Each agent in the Oblix system follows this lifecycle:

  1. Initialization: Configure the agent with thresholds and settings
  2. Registration: Hook the agent to the OblixClient
  3. Monitoring: Ongoing collection of metrics
  4. Policy Evaluation: Assessment of metrics against policies
  5. Recommendation: Providing execution target recommendations

Available Agents

Oblix provides two main types of monitoring agents for orchestration:

  • Resource Monitor: Monitors system resources including CPU, memory, and GPU utilization.
  • Connectivity: Monitors network connectivity, including latency, packet loss, and bandwidth.

Orchestration Process

When working together, agents form a comprehensive orchestration system:

  1. Resource Assessment: The ResourceMonitor assesses whether local execution is viable
  2. Connectivity Assessment: The ConnectivityAgent determines if cloud models are accessible
  3. Conflict Resolution: When recommendations conflict, Oblix uses these priority rules:
    • If resources are critically constrained but connectivity is good, prioritize resource constraints
    • If connectivity is poor but resources are available, prioritize connectivity constraints
    • In balanced scenarios, use policy-defined preferences

Using Agents

Agents are added to the Oblix client with the hook_agent() method:

from oblix import OblixClient
from oblix.agents import ResourceMonitor, ConnectivityAgent

# Initialize client
client = OblixClient()

# Add monitoring agents
client.hook_agent(ResourceMonitor())
client.hook_agent(ConnectivityAgent())

Once agents are hooked, the Oblix client automatically consults them during execution to make intelligent routing decisions.

Agent Checks

When you execute a prompt using the execute() method, Oblix runs checks with all registered agents. The results of these checks are included in the response under the agent_checks key:

response = await client.execute("Explain quantum computing")
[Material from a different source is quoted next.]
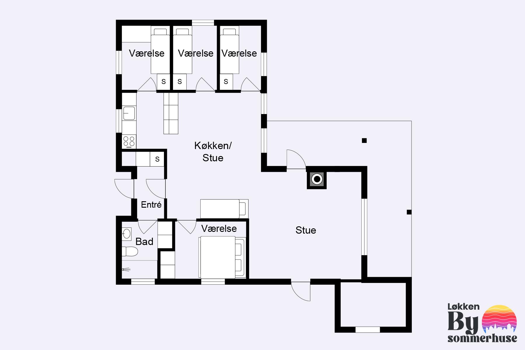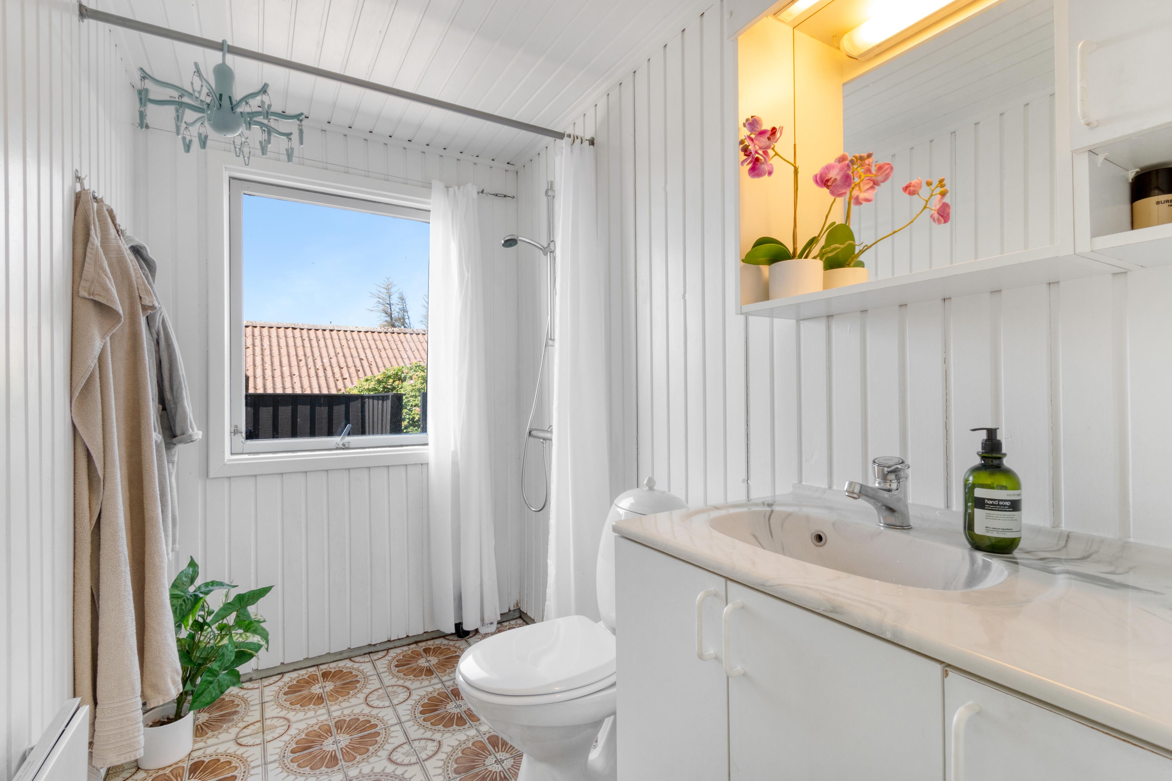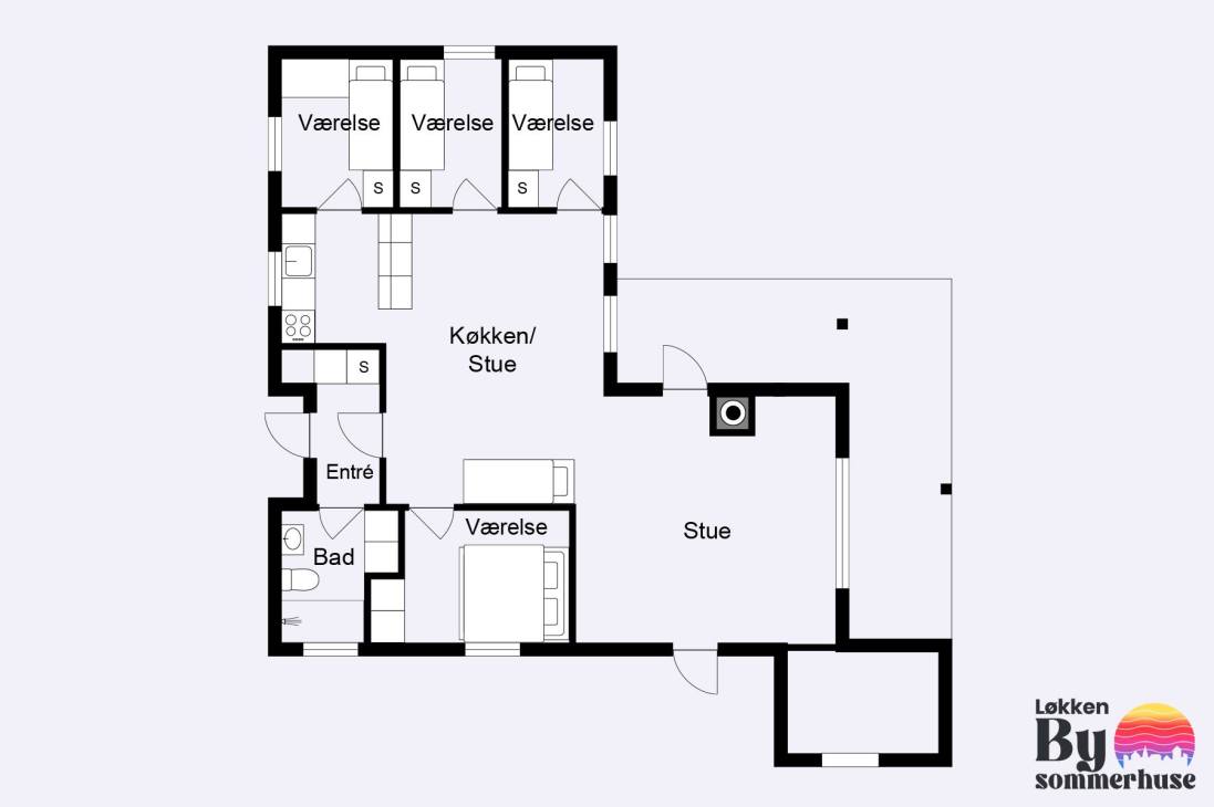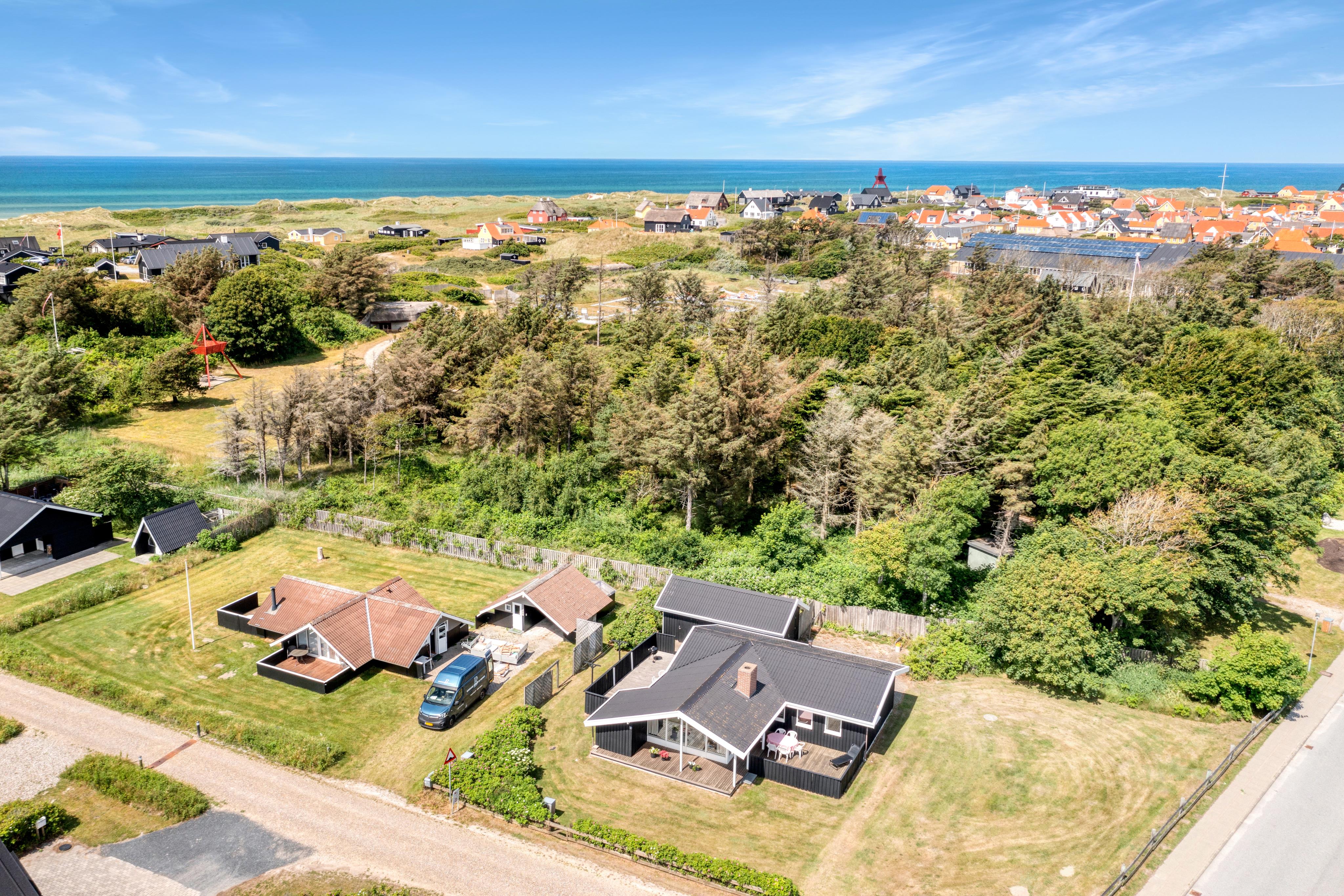The beach is approx. 600 meters away, and the city approx. 250 meters. So you are actually in the middle of Løkken’s opportunities for experiences, shopping and restaurant visits! The holiday home is located on a corner plot, and you therefore get both cement and gravel road. On the two terraces you can choose whether you want to look at the city's life or sit in peace and quiet and look at Sommervej.

# Access agent check results
agent_checks = response["agent_checks"]

The agent_checks dictionary contains information about:

  • Current resource state
  • Connectivity state
  • Recommended execution target
  • Detailed metrics
  • Reasoning for the recommendation

Accessing Agent Metrics Directly

You can also access the current metrics from agents directly:

# Get resource metrics
resource_metrics = await client.get_resource_metrics()
print(f"CPU usage: {resource_metrics['cpu_percent']}%")

# Access GPU metrics on macOS
if resource_metrics.get('gpu') and resource_metrics['gpu'].get('available'):
gpu_info = resource_metrics['gpu']
if gpu_info.get('utilization') is not None:
print(f"GPU utilization: {gpu_info['utilization'] * 100:.2f}%")
if gpu_info.get('memory_utilization') is not None:
print(f"GPU memory utilization: {gpu_info['memory_utilization'] * 100:.2f}%")
print(f"GPU name: {gpu_info.get('name', 'Unknown')}")

# Get connectivity metrics
connectivity_metrics = await client.get_connectivity_metrics()
print(f"Current latency: {connectivity_metrics['latency']}ms")

This direct access is useful for monitoring and debugging orchestration behavior.